**WHAT THE EXERCISE ASKS**
Write out the full listing exactly as given, minus the images.

***** STORED DATA

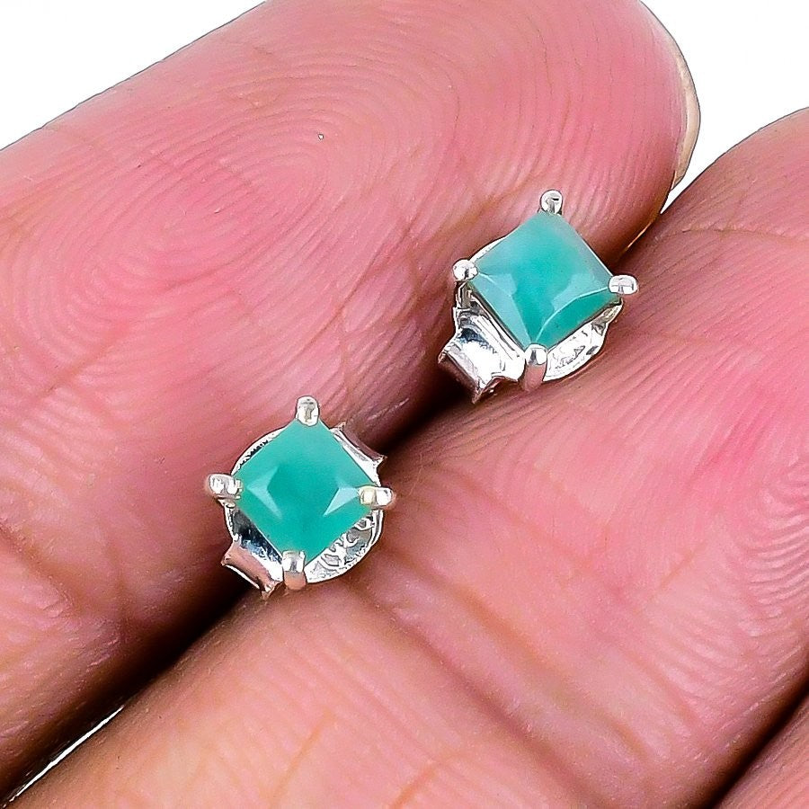 Emerald Faceted Stone Stud Post Anniversary Daughters Day Earrings Solid Silver
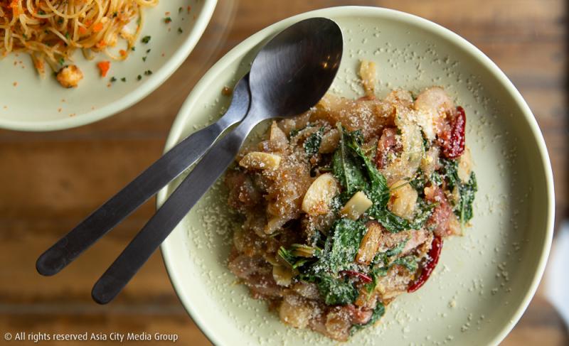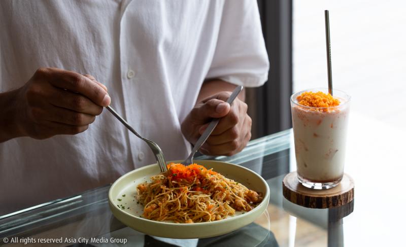นอกจากความสดชื่นที่นี่ยังมีอาหารสไตล์โฮมเมดให้ได้อิ่มท้องอีกต่างหาก เริ่มต้นด้วยอาหารจานซิกเนเจอร์ของร้านชื่อว่า อลันพาสต้า (195 บาท) สปาเก็ตตี้ที่เลือกใช้เส้นเล็กสุดในตระกูลพาสต้าเส้นกลมเคี้ยวง่าย เติมแต่งด้วยเนื้อกุ้งขนาดกลางหลาย ๆ ชิ้น เพิ่มความเคี้ยวมันด้วยไข่กุ้งอีกหยิบมือ บอกได้เพียงว่าจานนี้เครื่องแน่นดีงาม อีกจานในเมนูตระกูลเส้นก็คือ เส้นใหญ่ผัดเบคอนพริกแห้ง (145 บาท) ใครไม่ชอบกินเผ็ดก็สามารถชิมเมนูนี้ได้ แต่แอบบอกนิดหนึ่งว่าอย่ามัวแต่ถ่ายรูปเพลินจนนานเกินไป เพราะถ้าปล่อยทิ้งไว้นานเส้นใหญ่จะดูดซับความมันจนทำให้รสชาติอาหารอาจจะชืดได้ เพราะฉะนั้นมาเสิร์ฟปุ๊ปกินปั๊ปตอนร้อน ๆ เลยจะดีเยี่ยม
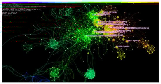 Usually, scholars cite the research results of their predecessors in their papers and list them in the form of references. Mutual citations of scientific literature reflect the objective laws of scientific development [38]. In Figure 7, the early citation network is relatively sparse, and the middle and late citation networks are denser. At the same time, it can be seen from the location of some large nodes that highly cited documents also appear in the middle and late periods.
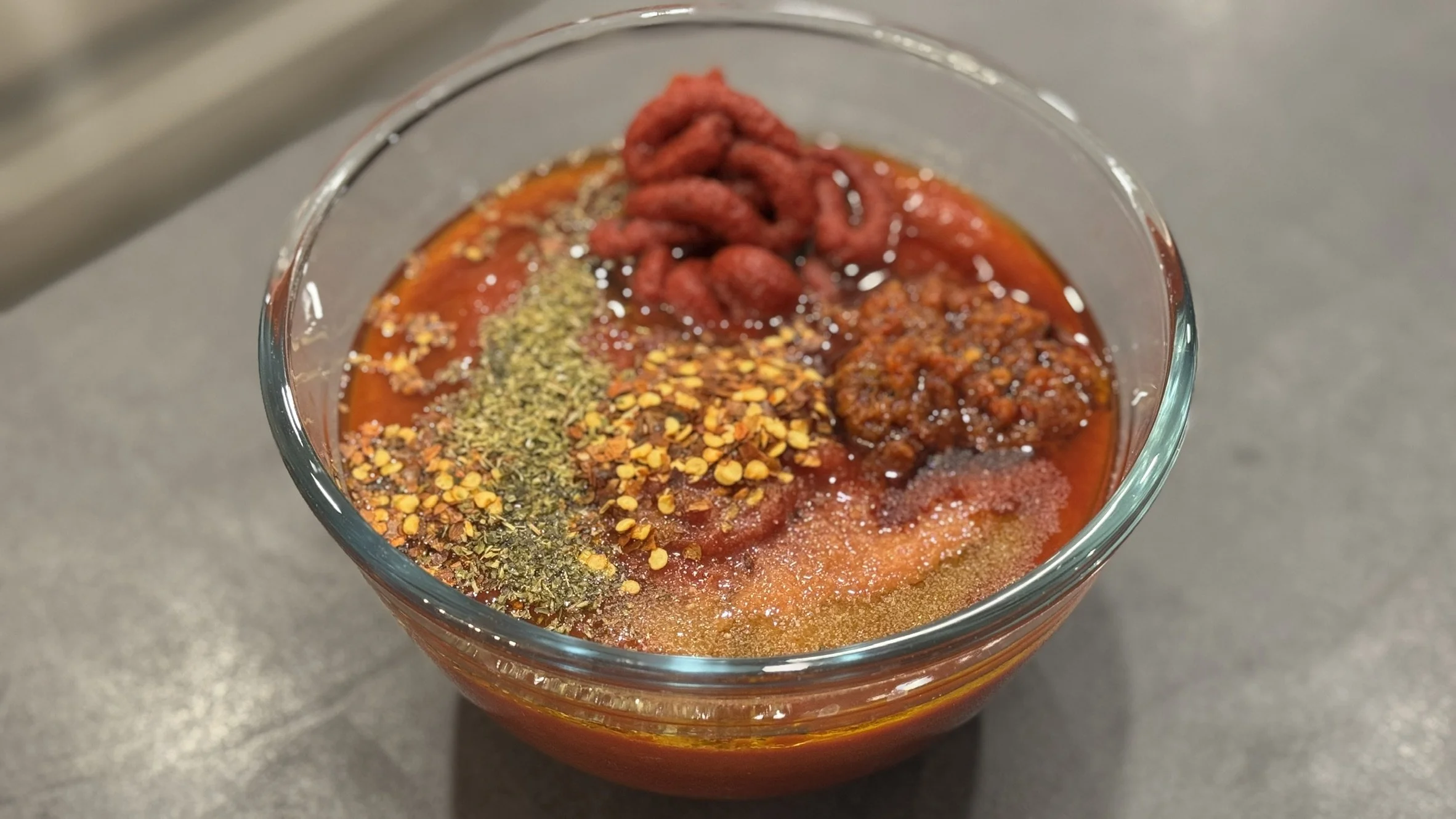 - In a large bowl, add all the ingredients and mix well to combine. Taste and adjust the seasoning with more salt, bomba/calabrian chillies or chilli flakes.
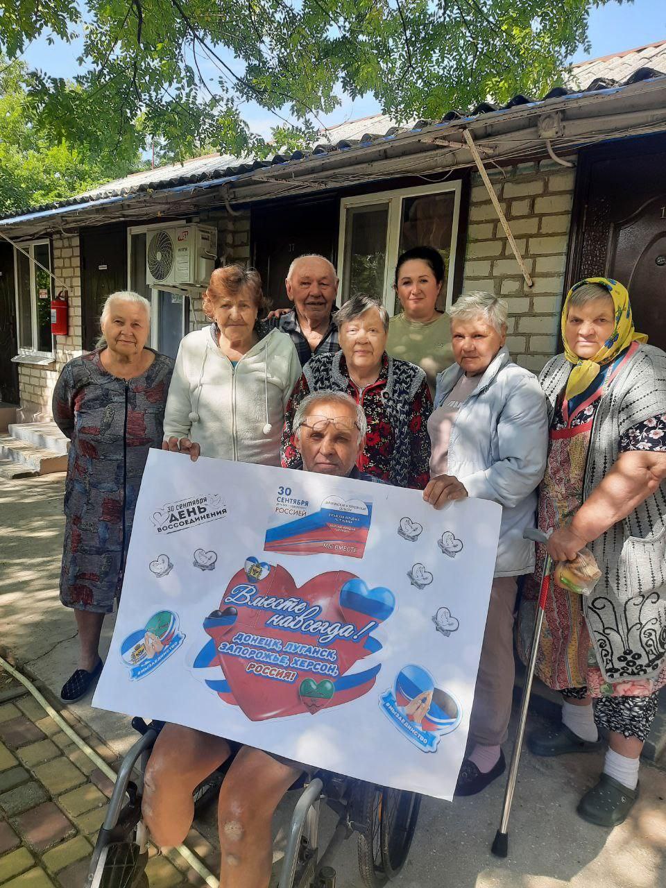 •Каховский гериатрический пансионат: совместно с инструктором по труду создали коллективную стенгазету культурного наследия посвщенную Дню воссоединения. Стенгазету оформили рисунками и коллажами, отражающими историческое значение события, ценность единства и перспективы развития регионов в составе Российской Федерации.
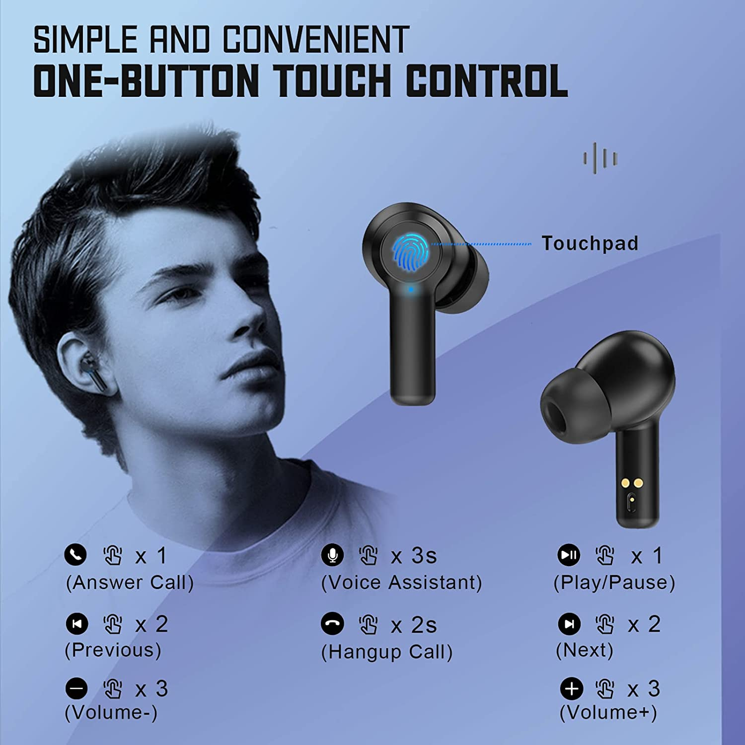All-day Long Playing: With large capacity battery and lower power consumption chip, the Bluetooth wireless ear buds can play about 6H (medium volume) per charge and with charging case, it can play up to 24H totally (the charging case can charge up the earbuds about 3 times). Using type-c fast charging, it takes about 1 hour to fully charge. The indicator on charging case will tell the power level clearly.
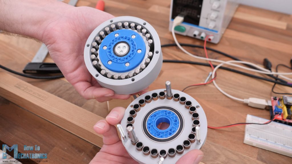 When assembling the cycloidal drive, the most crucial thing is to make sure that we place the two cycloidal disks 180 degrees out of phase.
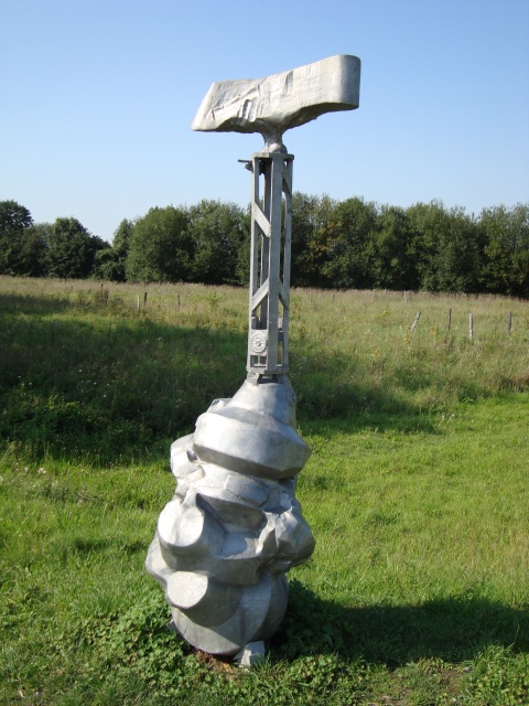 Durch die kleine Ortschaft geht es schnell in die angrenzenden Felder. Aus der Ferne hört man das beständige Klacken der Fahrzeuge die über die Dehnungsfuge A44-Rheinbrücke fahren. Der Belag wechselt von Asphalt auf Schotter und der Weg führt durch ein kleines Wäldchen immer näher an den Rhein heran. An der Skulptur auf dem Foto biegt man nach links und folgt für kurze Zeit dem Rheindamm. Dahinter hört man das tuckern der Schiffsdiesel. Ohne Abstecher auf den Damm wird man allerdings kein Wasser auf dieser Wanderroute sehen. Zurück am Ortsrand geht es links in einen kleinen Pfad, der auf der Rückseite der Häuser entlang führt. Hin und wieder kann man einen Blick in die meist gepflegten Gärten werfen. Ein letztes mal rechts abbiegen und entlang der Straße “An der alten Schule” geht es zurück zum Parkplatz.
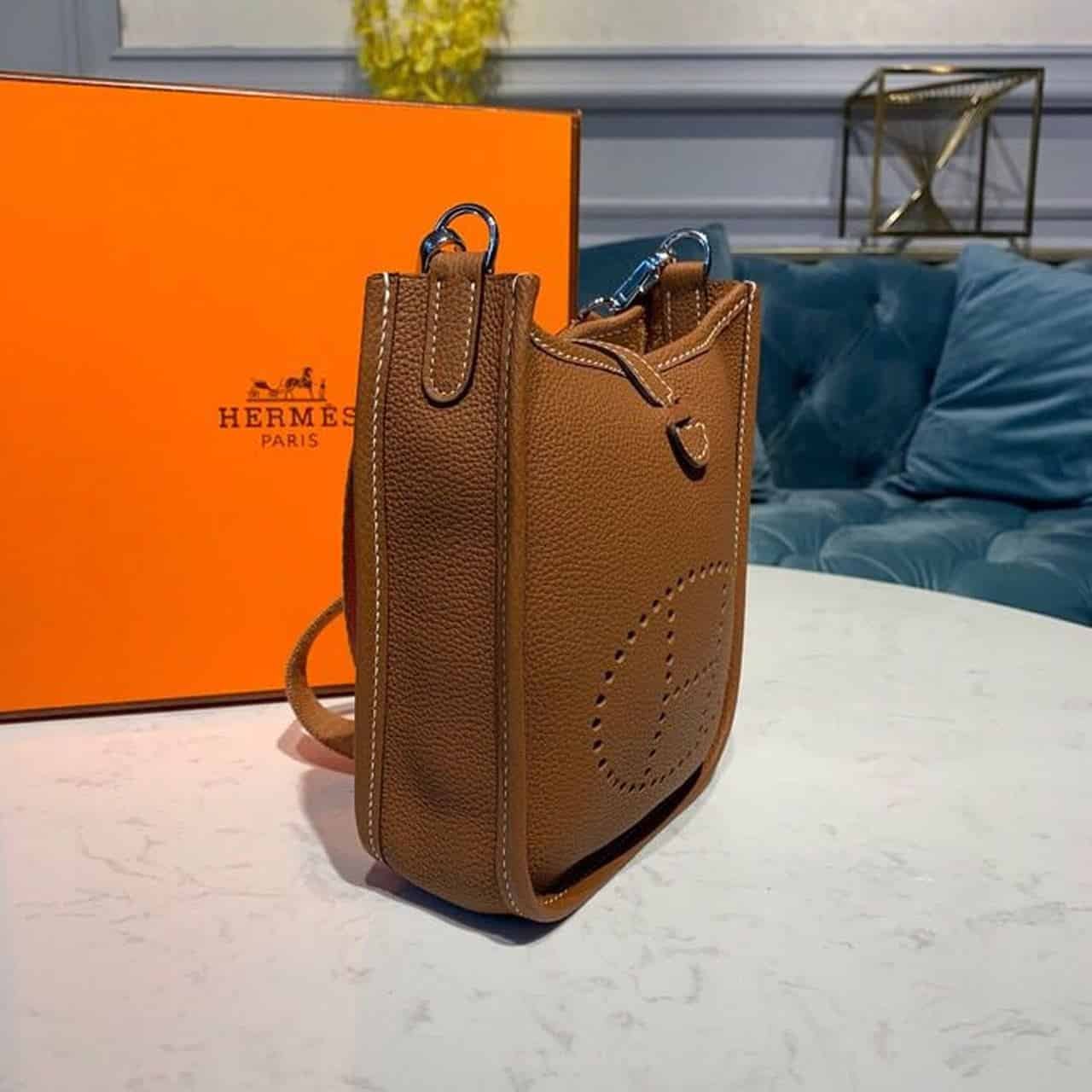 Hermes Mini Evelyne Brown For Women 7.8in/20cm
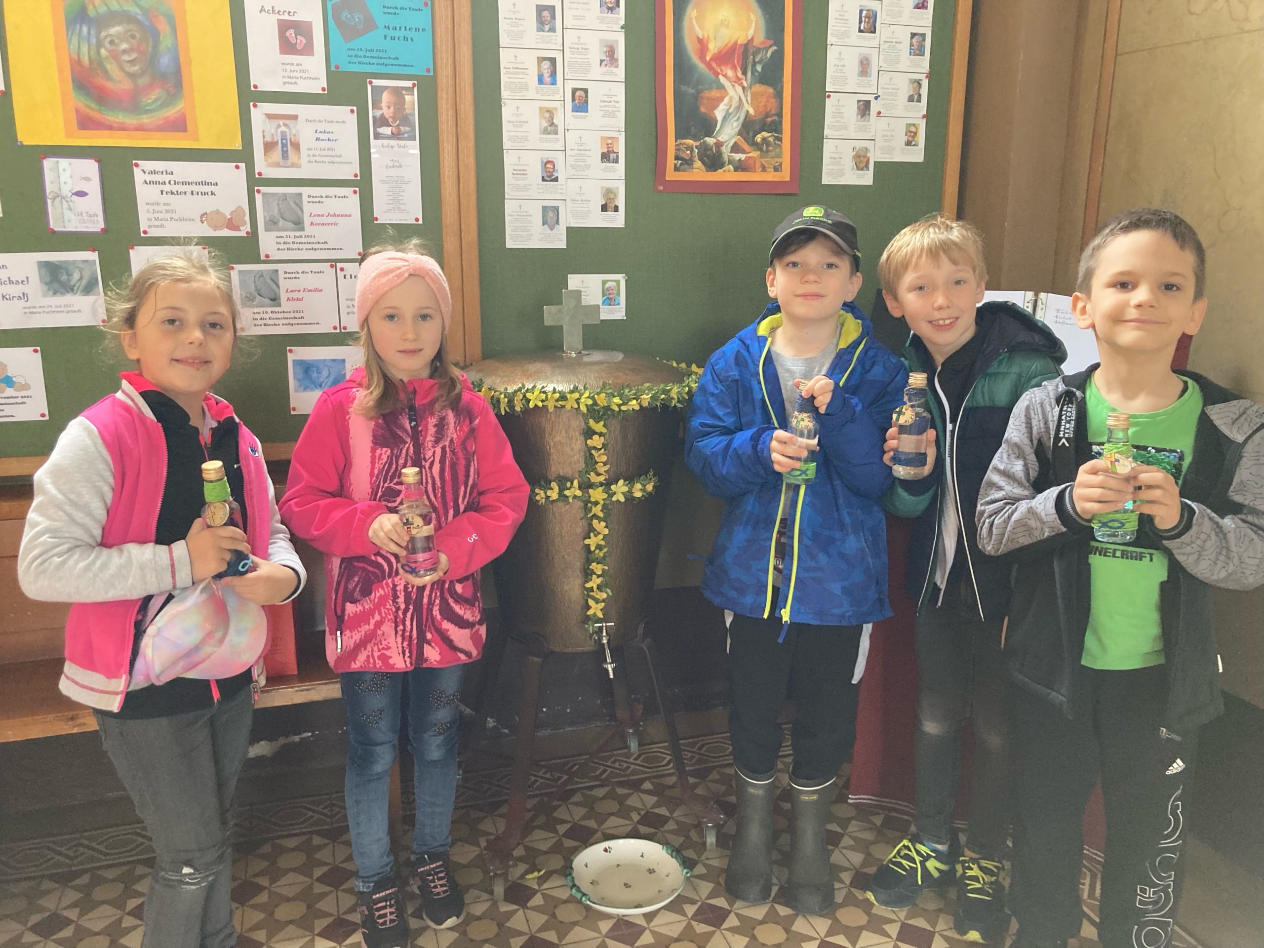 … und daran soll uns auch das Weihwasser erinnern, das die Erstkommunionkinder in ihre selbst gestalteten Fläschchen abfüllen durften. Das besondere Weihwasser aus der Osternacht haben die Kinder nun auch zuhause.
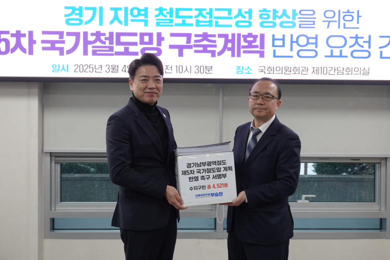 지난해 10월 말부터 한 달간 부승찬 의원과 더불어민주당 경기 용인시(병)지역위원회가 추진한 경기남부광역철도의 제5차 국가철도망계획 반영 및 사업 추진을 촉구하는 서명운동에는 총 4,521명의 수지 주민이 참여했다. 수지구민들이 제5차 국가철도망 구축계획 반영을 요구하는 건 해당 절차가 본 사업을 정부 차원에 공식화하는 첫 절차이며, 과거 유사사업이 국가철도망 구축계획에 미반영되어 사업 자체가 좌초됐기 때문이다.
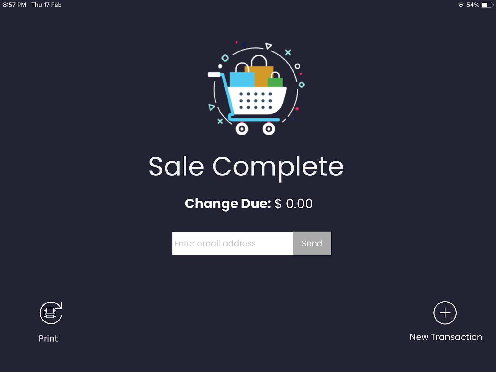 Once you are done with the Table selection, select a payment method to process the payment. This will bring up the Sale Complete screen.
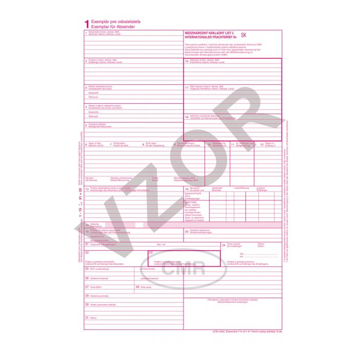 Evidenčné a colné tlačivá. CMR, 5 listov, balenie 100 súprav. Samoprepis.

**********

**EXERCISE RESPONSE**
 Emerald Faceted Stone Stud Post Anniversary Daughters Day Earrings Solid Silver
นอกจากความสดชื่นที่นี่ยังมีอาหารสไตล์โฮมเมดให้ได้อิ่มท้องอีกต่างหาก เริ่มต้นด้วยอาหารจานซิกเนเจอร์ของร้านชื่อว่า อลันพาสต้า (195 บาท) สปาเก็ตตี้ที่เลือกใช้เส้นเล็กสุดในตระกูลพาสต้าเส้นกลมเคี้ยวง่าย เติมแต่งด้วยเนื้อกุ้งขนาดกลางหลาย ๆ ชิ้น เพิ่มความเคี้ยวมันด้วยไข่กุ้งอีกหยิบมือ บอกได้เพียงว่าจานนี้เครื่องแน่นดีงาม อีกจานในเมนูตระกูลเส้นก็คือ เส้นใหญ่ผัดเบคอนพริกแห้ง (145 บาท) ใครไม่ชอบกินเผ็ดก็สามารถชิมเมนูนี้ได้ แต่แอบบอกนิดหนึ่งว่าอย่ามัวแต่ถ่ายรูปเพลินจนนานเกินไป เพราะถ้าปล่อยทิ้งไว้นานเส้นใหญ่จะดูดซับความมันจนทำให้รสชาติอาหารอาจจะชืดได้ เพราะฉะนั้นมาเสิร์ฟปุ๊ปกินปั๊ปตอนร้อน ๆ เลยจะดีเยี่ยม
 Usually, scholars cite the research results of their predecessors in their papers and list them in the form of references. Mutual citations of scientific literature reflect the objective laws of scientific development [38]. In Figure 7, the early citation network is relatively sparse, and the middle and late citation networks are denser. At the same time, it can be seen from the location of some large nodes that highly cited documents also appear in the middle and late periods.
 - In a large bowl, add all the ingredients and mix well to combine. Taste and adjust the seasoning with more salt, bomba/calabrian chillies or chilli flakes.
 •Каховский гериатрический пансионат: совместно с инструктором по труду создали коллективную стенгазету культурного наследия посвщенную Дню воссоединения. Стенгазету оформили рисунками и коллажами, отражающими историческое значение события, ценность единства и перспективы развития регионов в составе Российской Федерации.
All-day Long Playing: With large capacity battery and lower power consumption chip, the Bluetooth wireless ear buds can play about 6H (medium volume) per charge and with charging case, it can play up to 24H totally (the charging case can charge up the earbuds about 3 times). Using type-c fast charging, it takes about 1 hour to fully charge. The indicator on charging case will tell the power level clearly.
 When assembling the cycloidal drive, the most crucial thing is to make sure that we place the two cycloidal disks 180 degrees out of phase.
 Durch die kleine Ortschaft geht es schnell in die angrenzenden Felder. Aus der Ferne hört man das beständige Klacken der Fahrzeuge die über die Dehnungsfuge A44-Rheinbrücke fahren. Der Belag wechselt von Asphalt auf Schotter und der Weg führt durch ein kleines Wäldchen immer näher an den Rhein heran. An der Skulptur auf dem Foto biegt man nach links und folgt für kurze Zeit dem Rheindamm. Dahinter hört man das tuckern der Schiffsdiesel. Ohne Abstecher auf den Damm wird man allerdings kein Wasser auf dieser Wanderroute sehen. Zurück am Ortsrand geht es links in einen kleinen Pfad, der auf der Rückseite der Häuser entlang führt. Hin und wieder kann man einen Blick in die meist gepflegten Gärten werfen. Ein letztes mal rechts abbiegen und entlang der Straße “An der alten Schule” geht es zurück zum Parkplatz.
 Hermes Mini Evelyne Brown For Women 7.8in/20cm
 … und daran soll uns auch das Weihwasser erinnern, das die Erstkommunionkinder in ihre selbst gestalteten Fläschchen abfüllen durften. Das besondere Weihwasser aus der Osternacht haben die Kinder nun auch zuhause.
 지난해 10월 말부터 한 달간 부승찬 의원과 더불어민주당 경기 용인시(병)지역위원회가 추진한 경기남부광역철도의 제5차 국가철도망계획 반영 및 사업 추진을 촉구하는 서명운동에는 총 4,521명의 수지 주민이 참여했다. 수지구민들이 제5차 국가철도망 구축계획 반영을 요구하는 건 해당 절차가 본 사업을 정부 차원에 공식화하는 첫 절차이며, 과거 유사사업이 국가철도망 구축계획에 미반영되어 사업 자체가 좌초됐기 때문이다.
 Once you are done with the Table selection, select a payment method to process the payment. This will bring up the Sale Complete screen.
 Evidenčné a colné tlačivá. CMR, 5 listov, balenie 100 súprav. Samoprepis.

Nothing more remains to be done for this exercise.